_Directions for this task_:
Would you reproduce, without any alteration, the lines from the opening line of the entries through the line that has "COLUMNAS DE OPINIÓN: Informalidad" in it?

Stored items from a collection
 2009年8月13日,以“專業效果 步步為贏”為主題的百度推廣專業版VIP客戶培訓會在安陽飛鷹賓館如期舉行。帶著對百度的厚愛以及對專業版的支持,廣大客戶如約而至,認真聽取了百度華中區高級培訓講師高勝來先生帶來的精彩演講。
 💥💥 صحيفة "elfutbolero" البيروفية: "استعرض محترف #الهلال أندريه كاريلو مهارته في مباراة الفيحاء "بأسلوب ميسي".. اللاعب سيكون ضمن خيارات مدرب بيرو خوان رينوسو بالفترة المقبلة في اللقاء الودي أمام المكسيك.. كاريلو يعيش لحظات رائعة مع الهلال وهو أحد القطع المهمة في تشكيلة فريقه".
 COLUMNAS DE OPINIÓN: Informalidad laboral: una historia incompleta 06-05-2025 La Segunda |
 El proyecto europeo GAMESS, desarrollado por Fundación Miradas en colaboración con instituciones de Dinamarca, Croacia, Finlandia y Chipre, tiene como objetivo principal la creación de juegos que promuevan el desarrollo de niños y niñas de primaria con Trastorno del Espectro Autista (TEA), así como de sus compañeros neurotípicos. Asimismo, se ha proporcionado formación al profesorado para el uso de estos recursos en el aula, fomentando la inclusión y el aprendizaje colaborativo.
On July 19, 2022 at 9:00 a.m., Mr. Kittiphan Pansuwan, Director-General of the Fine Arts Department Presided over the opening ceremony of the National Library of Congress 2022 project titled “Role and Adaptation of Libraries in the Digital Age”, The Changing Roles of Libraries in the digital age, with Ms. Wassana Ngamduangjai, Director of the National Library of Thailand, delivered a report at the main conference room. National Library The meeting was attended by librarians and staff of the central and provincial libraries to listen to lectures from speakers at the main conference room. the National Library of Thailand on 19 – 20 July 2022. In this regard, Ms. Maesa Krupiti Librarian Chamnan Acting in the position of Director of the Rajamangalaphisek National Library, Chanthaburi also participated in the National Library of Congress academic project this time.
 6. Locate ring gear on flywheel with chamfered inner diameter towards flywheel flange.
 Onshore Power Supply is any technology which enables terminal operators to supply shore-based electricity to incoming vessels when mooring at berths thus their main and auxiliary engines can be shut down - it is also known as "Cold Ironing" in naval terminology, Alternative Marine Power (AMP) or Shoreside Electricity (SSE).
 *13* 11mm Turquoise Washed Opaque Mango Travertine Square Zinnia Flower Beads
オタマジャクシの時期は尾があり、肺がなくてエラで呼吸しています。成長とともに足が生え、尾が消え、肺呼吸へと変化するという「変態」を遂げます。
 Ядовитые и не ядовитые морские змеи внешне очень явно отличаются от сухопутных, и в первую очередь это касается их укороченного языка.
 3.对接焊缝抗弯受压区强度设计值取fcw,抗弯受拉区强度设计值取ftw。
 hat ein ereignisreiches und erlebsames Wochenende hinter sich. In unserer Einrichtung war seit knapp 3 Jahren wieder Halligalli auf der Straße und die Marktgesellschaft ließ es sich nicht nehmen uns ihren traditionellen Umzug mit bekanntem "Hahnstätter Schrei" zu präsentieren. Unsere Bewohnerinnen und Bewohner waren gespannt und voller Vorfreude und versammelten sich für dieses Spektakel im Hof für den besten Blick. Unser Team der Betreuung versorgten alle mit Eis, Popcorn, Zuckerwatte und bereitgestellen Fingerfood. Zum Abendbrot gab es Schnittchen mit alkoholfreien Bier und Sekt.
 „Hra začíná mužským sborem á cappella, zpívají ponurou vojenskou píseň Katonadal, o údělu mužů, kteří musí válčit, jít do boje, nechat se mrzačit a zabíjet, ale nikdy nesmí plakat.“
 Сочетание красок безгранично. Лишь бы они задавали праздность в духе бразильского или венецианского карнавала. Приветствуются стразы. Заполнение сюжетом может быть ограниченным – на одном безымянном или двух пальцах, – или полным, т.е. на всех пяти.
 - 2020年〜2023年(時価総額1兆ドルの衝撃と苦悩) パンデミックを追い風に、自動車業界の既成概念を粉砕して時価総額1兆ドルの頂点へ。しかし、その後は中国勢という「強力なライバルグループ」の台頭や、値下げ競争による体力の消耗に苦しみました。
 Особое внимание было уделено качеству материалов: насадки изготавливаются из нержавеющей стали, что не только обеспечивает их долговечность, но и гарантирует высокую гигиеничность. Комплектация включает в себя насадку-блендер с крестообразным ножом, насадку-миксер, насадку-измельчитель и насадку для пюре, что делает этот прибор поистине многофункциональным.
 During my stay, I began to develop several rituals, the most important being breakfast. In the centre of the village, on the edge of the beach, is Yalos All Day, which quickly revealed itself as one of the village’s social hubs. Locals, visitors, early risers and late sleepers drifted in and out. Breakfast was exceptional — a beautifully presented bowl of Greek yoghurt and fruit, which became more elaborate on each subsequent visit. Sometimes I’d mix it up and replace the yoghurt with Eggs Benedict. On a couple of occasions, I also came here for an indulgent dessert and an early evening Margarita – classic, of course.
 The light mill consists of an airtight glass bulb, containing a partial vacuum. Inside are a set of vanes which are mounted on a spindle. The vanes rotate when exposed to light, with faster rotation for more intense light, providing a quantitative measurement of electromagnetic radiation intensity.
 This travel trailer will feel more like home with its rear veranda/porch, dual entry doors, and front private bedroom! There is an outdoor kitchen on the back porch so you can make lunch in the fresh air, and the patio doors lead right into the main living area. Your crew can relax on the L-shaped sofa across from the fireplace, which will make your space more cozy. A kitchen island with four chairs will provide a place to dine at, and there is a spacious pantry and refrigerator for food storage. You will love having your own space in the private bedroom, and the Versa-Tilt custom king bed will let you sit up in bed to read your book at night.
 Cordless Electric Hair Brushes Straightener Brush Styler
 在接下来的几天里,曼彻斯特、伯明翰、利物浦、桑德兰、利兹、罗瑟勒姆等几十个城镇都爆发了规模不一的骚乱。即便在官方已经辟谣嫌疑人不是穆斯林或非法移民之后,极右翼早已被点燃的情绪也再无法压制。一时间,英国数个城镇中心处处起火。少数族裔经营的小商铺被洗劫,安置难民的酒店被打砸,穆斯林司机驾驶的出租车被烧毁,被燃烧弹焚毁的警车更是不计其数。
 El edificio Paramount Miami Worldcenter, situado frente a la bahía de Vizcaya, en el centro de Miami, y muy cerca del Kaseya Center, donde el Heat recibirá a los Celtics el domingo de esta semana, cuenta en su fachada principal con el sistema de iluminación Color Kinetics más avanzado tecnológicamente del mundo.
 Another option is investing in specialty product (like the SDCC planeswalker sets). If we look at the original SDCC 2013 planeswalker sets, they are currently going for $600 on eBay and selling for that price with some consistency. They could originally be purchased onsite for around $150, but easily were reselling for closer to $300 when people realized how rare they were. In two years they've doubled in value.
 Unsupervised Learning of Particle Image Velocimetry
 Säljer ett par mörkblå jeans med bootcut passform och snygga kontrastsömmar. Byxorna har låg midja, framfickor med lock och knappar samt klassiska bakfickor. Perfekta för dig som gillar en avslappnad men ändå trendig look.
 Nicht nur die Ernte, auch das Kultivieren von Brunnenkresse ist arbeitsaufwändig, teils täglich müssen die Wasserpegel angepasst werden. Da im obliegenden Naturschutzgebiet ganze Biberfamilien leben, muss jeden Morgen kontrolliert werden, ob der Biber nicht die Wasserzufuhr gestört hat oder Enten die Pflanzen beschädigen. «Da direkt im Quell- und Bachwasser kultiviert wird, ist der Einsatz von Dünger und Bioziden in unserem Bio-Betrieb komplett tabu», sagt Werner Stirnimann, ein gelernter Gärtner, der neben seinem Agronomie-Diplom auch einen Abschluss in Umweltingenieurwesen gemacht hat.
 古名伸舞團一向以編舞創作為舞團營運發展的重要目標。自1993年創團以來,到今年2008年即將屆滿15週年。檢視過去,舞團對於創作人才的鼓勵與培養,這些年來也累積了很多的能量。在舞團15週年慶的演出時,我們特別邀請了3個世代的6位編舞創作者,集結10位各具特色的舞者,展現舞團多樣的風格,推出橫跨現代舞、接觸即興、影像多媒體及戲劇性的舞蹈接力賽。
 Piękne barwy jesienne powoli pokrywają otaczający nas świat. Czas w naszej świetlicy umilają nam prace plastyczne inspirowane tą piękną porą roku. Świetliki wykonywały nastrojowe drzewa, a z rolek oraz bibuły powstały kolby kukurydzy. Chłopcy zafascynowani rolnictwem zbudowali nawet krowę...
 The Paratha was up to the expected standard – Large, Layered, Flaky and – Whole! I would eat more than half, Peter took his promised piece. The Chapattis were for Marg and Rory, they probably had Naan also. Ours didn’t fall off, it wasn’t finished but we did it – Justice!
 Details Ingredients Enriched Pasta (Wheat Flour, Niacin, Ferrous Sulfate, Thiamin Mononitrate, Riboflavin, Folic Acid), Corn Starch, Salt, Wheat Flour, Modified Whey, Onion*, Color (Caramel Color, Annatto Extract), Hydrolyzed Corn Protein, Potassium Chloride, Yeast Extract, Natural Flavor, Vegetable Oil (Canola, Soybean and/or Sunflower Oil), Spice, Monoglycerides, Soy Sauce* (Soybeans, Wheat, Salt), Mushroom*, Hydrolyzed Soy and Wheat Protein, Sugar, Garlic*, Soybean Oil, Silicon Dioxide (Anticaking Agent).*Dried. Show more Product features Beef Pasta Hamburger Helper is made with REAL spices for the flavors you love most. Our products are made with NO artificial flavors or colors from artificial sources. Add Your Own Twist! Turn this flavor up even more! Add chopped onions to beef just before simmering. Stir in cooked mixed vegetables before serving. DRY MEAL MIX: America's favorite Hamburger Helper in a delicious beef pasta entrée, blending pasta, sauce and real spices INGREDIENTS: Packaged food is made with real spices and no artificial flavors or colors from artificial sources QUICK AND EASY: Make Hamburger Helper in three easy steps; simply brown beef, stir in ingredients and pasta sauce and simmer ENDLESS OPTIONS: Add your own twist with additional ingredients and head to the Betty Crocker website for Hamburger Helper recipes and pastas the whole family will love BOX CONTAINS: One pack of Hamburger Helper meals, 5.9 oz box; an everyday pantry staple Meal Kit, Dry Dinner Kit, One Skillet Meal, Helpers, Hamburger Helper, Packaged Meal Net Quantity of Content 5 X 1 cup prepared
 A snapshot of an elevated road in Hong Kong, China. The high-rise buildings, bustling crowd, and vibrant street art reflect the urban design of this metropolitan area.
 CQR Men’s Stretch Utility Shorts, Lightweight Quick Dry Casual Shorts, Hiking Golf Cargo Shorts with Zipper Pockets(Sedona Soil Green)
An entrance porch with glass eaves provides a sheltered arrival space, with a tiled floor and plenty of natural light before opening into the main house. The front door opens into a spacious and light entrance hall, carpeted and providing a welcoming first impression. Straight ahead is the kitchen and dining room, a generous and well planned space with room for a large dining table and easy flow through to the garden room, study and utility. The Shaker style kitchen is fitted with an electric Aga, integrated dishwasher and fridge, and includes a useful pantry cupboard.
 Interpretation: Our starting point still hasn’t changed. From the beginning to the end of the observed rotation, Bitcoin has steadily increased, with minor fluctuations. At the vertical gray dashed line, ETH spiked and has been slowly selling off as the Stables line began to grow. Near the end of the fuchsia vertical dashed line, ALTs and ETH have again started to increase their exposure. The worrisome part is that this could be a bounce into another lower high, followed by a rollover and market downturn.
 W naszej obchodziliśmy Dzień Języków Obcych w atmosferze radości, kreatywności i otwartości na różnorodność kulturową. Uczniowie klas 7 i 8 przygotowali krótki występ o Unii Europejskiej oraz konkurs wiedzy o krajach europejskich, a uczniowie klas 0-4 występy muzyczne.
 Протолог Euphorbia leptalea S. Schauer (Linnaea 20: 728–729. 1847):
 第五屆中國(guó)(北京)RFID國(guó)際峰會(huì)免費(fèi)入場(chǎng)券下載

_Result of the exercise_:
 2009年8月13日,以“專業效果 步步為贏”為主題的百度推廣專業版VIP客戶培訓會在安陽飛鷹賓館如期舉行。帶著對百度的厚愛以及對專業版的支持,廣大客戶如約而至,認真聽取了百度華中區高級培訓講師高勝來先生帶來的精彩演講。
 💥💥 صحيفة "elfutbolero" البيروفية: "استعرض محترف #الهلال أندريه كاريلو مهارته في مباراة الفيحاء "بأسلوب ميسي".. اللاعب سيكون ضمن خيارات مدرب بيرو خوان رينوسو بالفترة المقبلة في اللقاء الودي أمام المكسيك.. كاريلو يعيش لحظات رائعة مع الهلال وهو أحد القطع المهمة في تشكيلة فريقه".
 COLUMNAS DE OPINIÓN: Informalidad laboral: una historia incompleta 06-05-2025 La Segunda |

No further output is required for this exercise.